Repeat exactly the lines running from the first line of the data to the line containing "O Município de", both ends included, and nothing else; drop the pictures.

Items from a dataset:
--- START ---
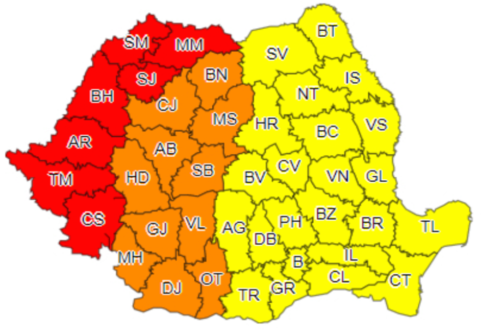 Atenționare de tip Cod roșu a fost emisă, astăzi, în jurul orei 10:30, și este valabilă în zilele de 24 și 25 iunie
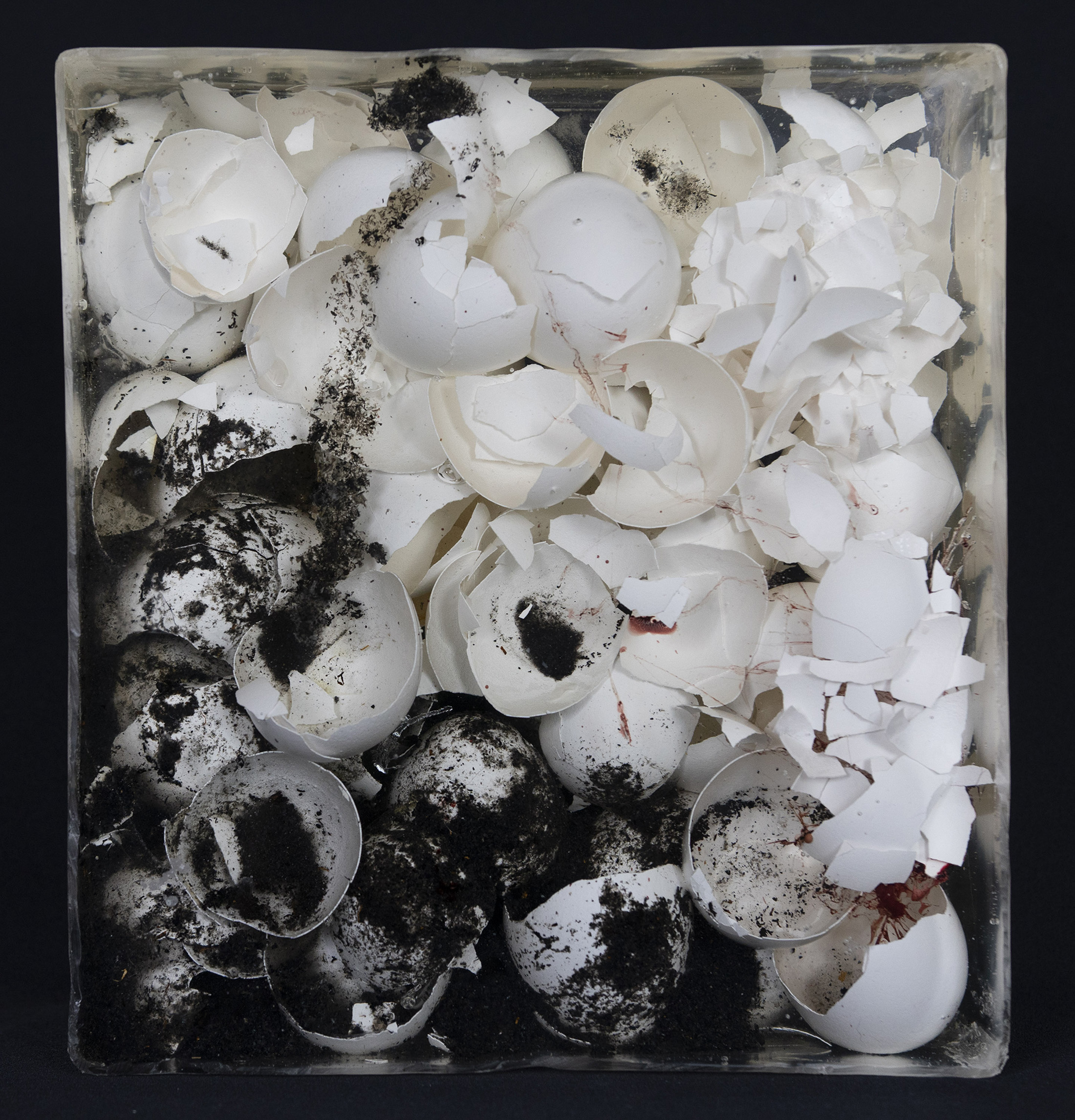 THE BIG SHORT DIALOGUES / 2020 / Eierschalen, Asche, Blut (B+), Harz / 21x23x8 cm
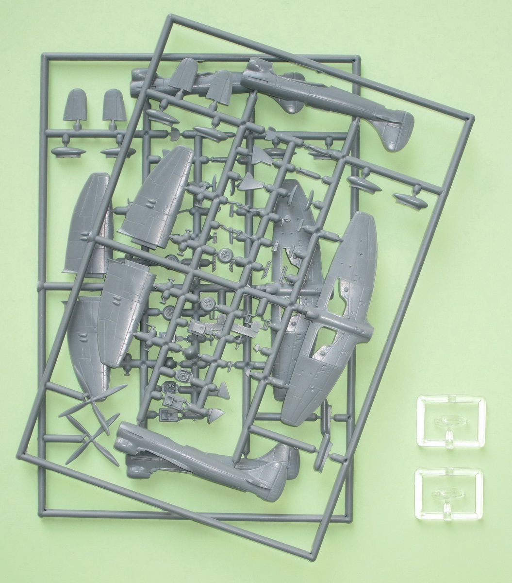 Two injection-moulded kits are supplied in this box and each kit contains 50 parts and one clear part (the cockpit canopy). A comprehensive decal sheet is included.
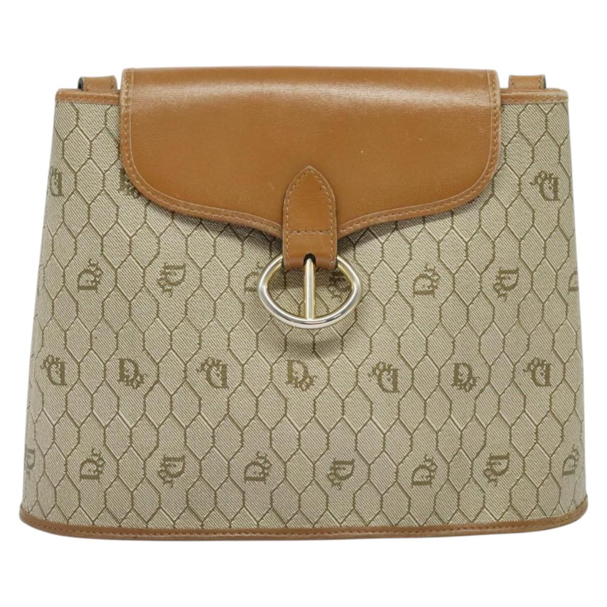 Christian Dior Honeycomb Canvas Shoulder Bag PVC Beige Gold Auth ti3385
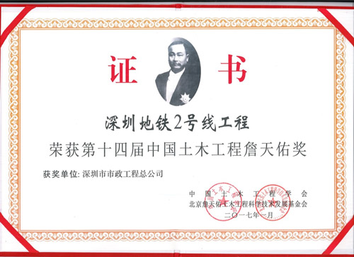 2017年4月14日,從北京傳來喜訊,深圳市市政工程總公司參建的深圳地鐵2號線工程榮獲第十四屆中國土木工程“詹天佑獎”,為公司的國家級獎項再添新榮譽。
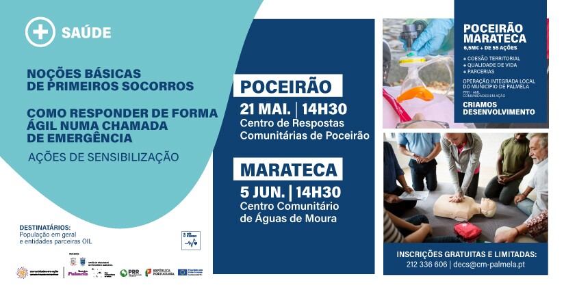 O Município de Palmela promove Ações de Sensibilização sobre “Noções Básicas de Primeiros Socorros” e “Como Responder de Forma Ágil numa Chamada de Emergência”, nos dias 21 de maio, no Centro de Respostas Comunitárias de Poceirão (no âmbito da Semana da Freguesia de Poceirão), e 5 de junho, no Centro Comunitário de Águas de Moura, às 14h30.
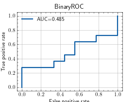 >>> from torch import rand, randint >>> from torchmetrics.classification import BinaryROC >>> preds = rand(20) >>> target = randint(2, (20,)) >>> metric = BinaryROC() >>> metric.update(preds, target) >>> fig_, ax_ = metric.plot(score=True)
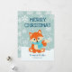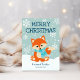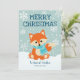 Woodland animal theme Christmas card features a cute fox in a winter scarf sitting in snow with a background of snowflakes. You can personalize both greetings (shown here with "Merry Christmas" and "Warmest Wishes") and the name. Original artwork KL Stock.
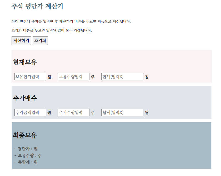 주식 평단가 계산기는 주식 물 타기 할 때 유용한데요. 별도 프로그램을 다운로드할 필요 없이 웹상에서 바로 사용 가능한 주식 평단가 계산기를 HTML과 JavaScript로 구현해봤는데요. 그럼 어떻게 사용하는지 알아볼까요?
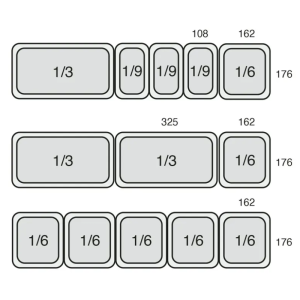 Mögliche Zusammensetzung für die Saladette (zusätzliche Halterungen können erforderlich sein): 1 GN-Behälter 1/3, 3 GN-Behälter 1/9 und 1 GN-Behälter 1/6 oder 2 GN-Behälter 1/3 und 1 Behälter 1/6 oder 5 GN-Behälter 1/6.
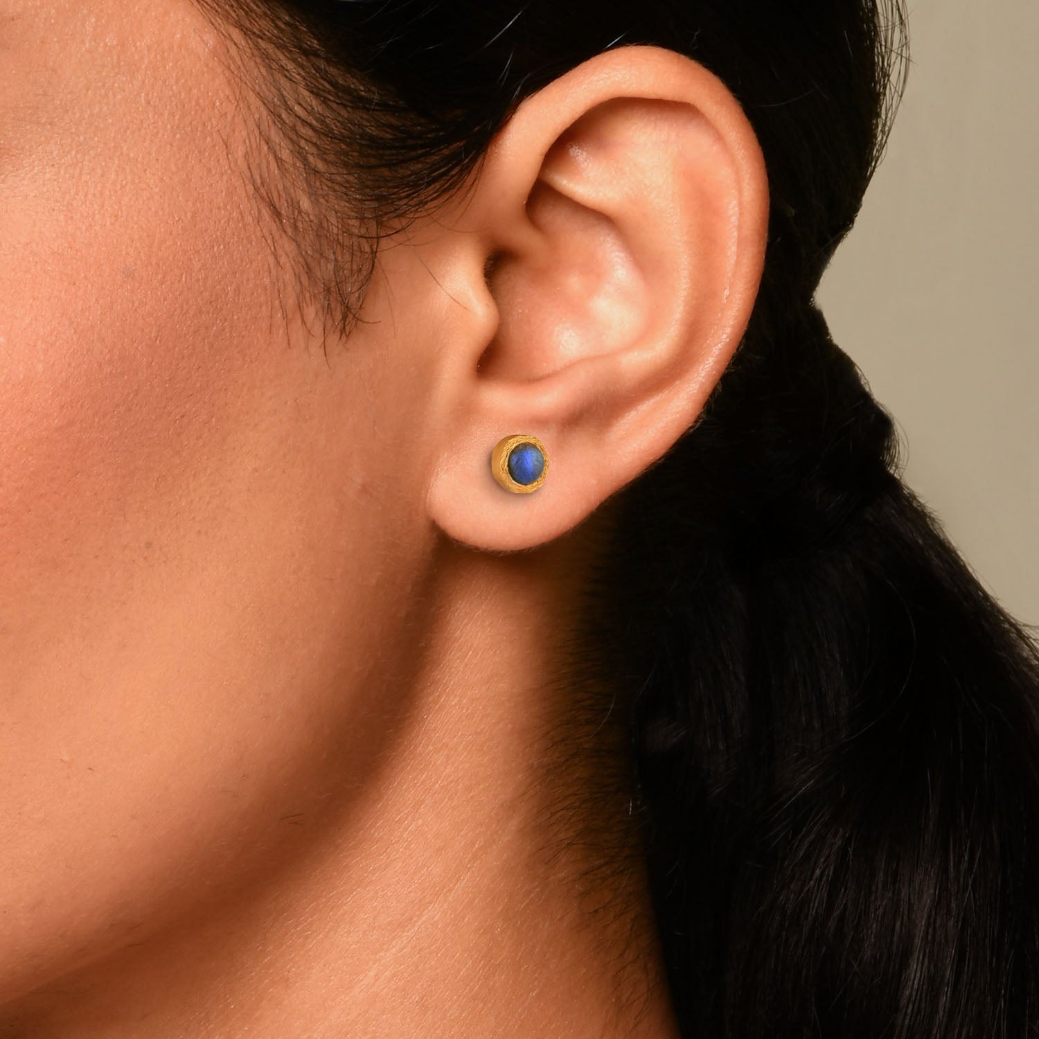 PRODUCT DETAILS: Handcrafted in 925 sterling silver with gold plating, studded with labradorite.
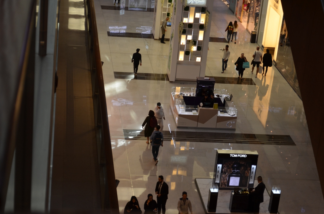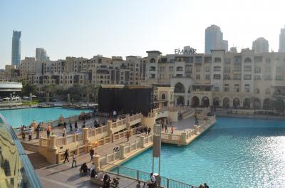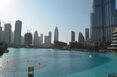 噴水の上がらない時間帯に見ても感心します。ブルジュ・ハリファなどの高層建築が立ち並ぶ近未来的な景色を背にして、広々とした水面が広がっています。砂漠の国ですから、水、特に淡水に対する憧れが背景にあるのでしょう。
--- END ---
▶ **Result**:
 Atenționare de tip Cod roșu a fost emisă, astăzi, în jurul orei 10:30, și este valabilă în zilele de 24 și 25 iunie
 THE BIG SHORT DIALOGUES / 2020 / Eierschalen, Asche, Blut (B+), Harz / 21x23x8 cm
 Two injection-moulded kits are supplied in this box and each kit contains 50 parts and one clear part (the cockpit canopy). A comprehensive decal sheet is included.
 Christian Dior Honeycomb Canvas Shoulder Bag PVC Beige Gold Auth ti3385
 2017年4月14日,從北京傳來喜訊,深圳市市政工程總公司參建的深圳地鐵2號線工程榮獲第十四屆中國土木工程“詹天佑獎”,為公司的國家級獎項再添新榮譽。
 O Município de Palmela promove Ações de Sensibilização sobre “Noções Básicas de Primeiros Socorros” e “Como Responder de Forma Ágil numa Chamada de Emergência”, nos dias 21 de maio, no Centro de Respostas Comunitárias de Poceirão (no âmbito da Semana da Freguesia de Poceirão), e 5 de junho, no Centro Comunitário de Águas de Moura, às 14h30.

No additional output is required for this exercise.